Your assignment - Every line below must come back exactly as it stands, with the images omitted.

======== Supplied information ========

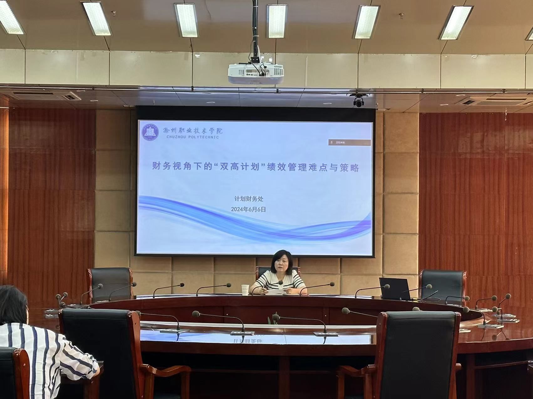 为了加强内部控制,确保学校各项目资金使用与管理安全规范有效,完善双高计划绩效过程管理,进一步实现业财融合,6月7日下午,计划财务处综合楼1102会议室邀请了国家“双高计划”建设院校财务处长作专题讲座。学校双高十大任务牵头部门和双高专业群建设单位、计划财务处、双高办全体人员参加。讲座由计划财务处处长王蓓蓓主持。
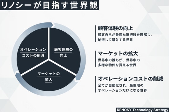 トップダウンといっても現実とかけ離れたビジョンでは説得力がない。熊谷氏が現場でのヒアリングを重ねたうえで策定したプロダクトビジョンの3つの柱が「顧客体験の向上」「マーケットの拡大」「オペレーションコストの削減」だ。
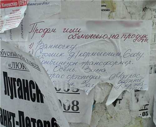 В группе «Ровеньки — Украина» в соцсети опубликовали фотографию объявления, сделанного, предположительно в Краснодоне. Автор предлагает продать или обменять на продукты детскую ванночку, комбинезон-трансформер, ортопедический и ватный матрасы и другие вещи.

========

Problem solution -
 为了加强内部控制,确保学校各项目资金使用与管理安全规范有效,完善双高计划绩效过程管理,进一步实现业财融合,6月7日下午,计划财务处综合楼1102会议室邀请了国家“双高计划”建设院校财务处长作专题讲座。学校双高十大任务牵头部门和双高专业群建设单位、计划财务处、双高办全体人员参加。讲座由计划财务处处长王蓓蓓主持。
 トップダウンといっても現実とかけ離れたビジョンでは説得力がない。熊谷氏が現場でのヒアリングを重ねたうえで策定したプロダクトビジョンの3つの柱が「顧客体験の向上」「マーケットの拡大」「オペレーションコストの削減」だ。
 В группе «Ровеньки — Украина» в соцсети опубликовали фотографию объявления, сделанного, предположительно в Краснодоне. Автор предлагает продать или обменять на продукты детскую ванночку, комбинезон-трансформер, ортопедический и ватный матрасы и другие вещи.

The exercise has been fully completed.